I found out that MongoDB is more suited for handling JSON files. I think this is because MongoDB is NoSQL based. Furthermore, MongoDB allowed me to retrieve information more effectively than BaseX. BaseX is suited for XML files, which makes handling more difficult compared to MongoDB.

The query language of MongoDB is more intuitive if you're familiar with JSON files. I had bigger problems writing the query for BaseX, and it required a deeper understanding to receive the same results.

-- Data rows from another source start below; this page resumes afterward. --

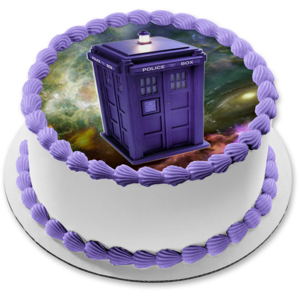 Decorate a Cake with this Doctor Who themed Edible Cake Topper Image featuring the Tardis floating in Space!
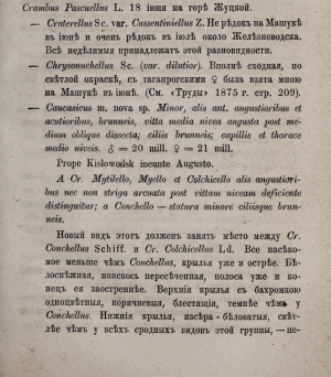 - Erstbeschreibung: Алфераки, С. (1876): Чешуекрылыя Сѣвернаго Кавказа. — Труды Русского энтомологического общества 10: 3-34.
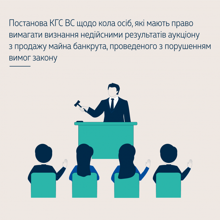 Отже, вимагати визнання недійсним результатів аукціону, проведеного з порушенням вимог закону, можуть боржник (зокрема арбітражний керуючий від імені боржника), кредитори, зареєстровані учасники аукціону, особи, які вважають себе власниками майна, що виставляється на аукціон.

I think that the choice of whether to use MongoDB or BaseX comes down to the specific usage. In my case, I found that MongoDB suited better to my needs because I was handling JSON files. On the other hand, I also think that BaseX would be better with complex XML files.

Thanks to the larger MongoDB community, it was easier for me to find the right solution for the problems I encountered during the project. When solving problems for BaseX, I spent a lot of time doing research.

In the end, I can say that both MongoDB and BaseX have their strengths. I preferred MongoDB because it was more intuitive for me than BaseX, and also because the provided documentation was better than that of BaseX.